• **EXERCISE DESCRIPTION**
Starting with the line that contains "Natural Green Color", copy each line exactly through the end of the listing, and omit all pictures.

• **DATA EXCERPT**
-- -- --

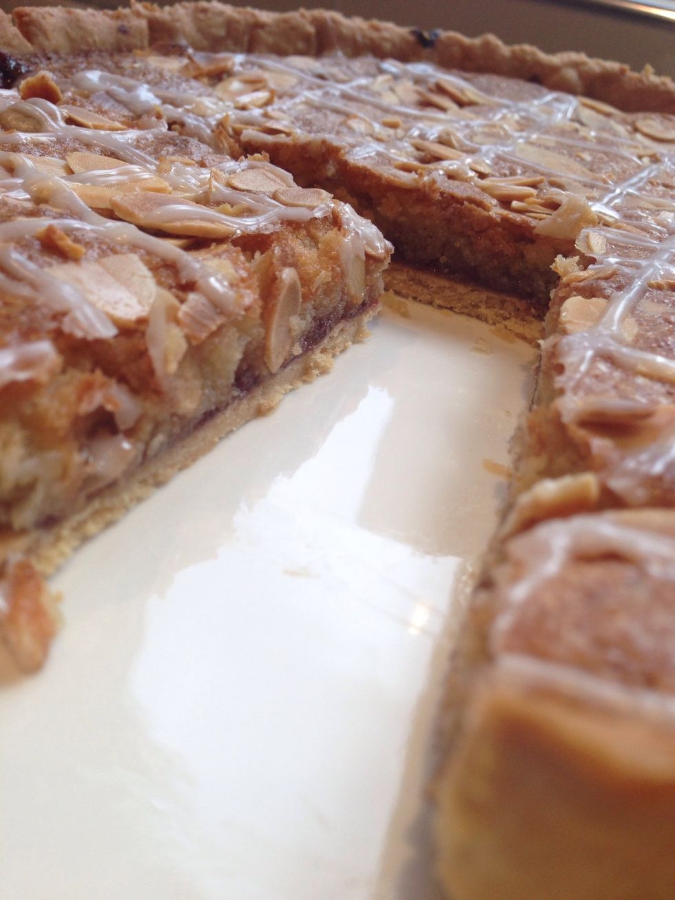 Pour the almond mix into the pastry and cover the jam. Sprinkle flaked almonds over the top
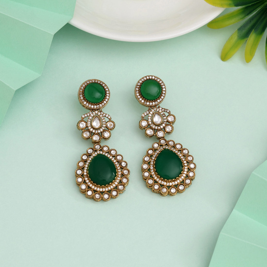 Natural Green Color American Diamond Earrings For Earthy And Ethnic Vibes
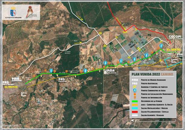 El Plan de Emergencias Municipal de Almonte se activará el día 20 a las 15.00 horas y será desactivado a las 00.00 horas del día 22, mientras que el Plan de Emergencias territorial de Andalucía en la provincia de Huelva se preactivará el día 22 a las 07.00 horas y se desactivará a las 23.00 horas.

-- -- --

• **RESPONSE FOR THIS EXERCISE**
 Natural Green Color American Diamond Earrings For Earthy And Ethnic Vibes
 El Plan de Emergencias Municipal de Almonte se activará el día 20 a las 15.00 horas y será desactivado a las 00.00 horas del día 22, mientras que el Plan de Emergencias territorial de Andalucía en la provincia de Huelva se preactivará el día 22 a las 07.00 horas y se desactivará a las 23.00 horas.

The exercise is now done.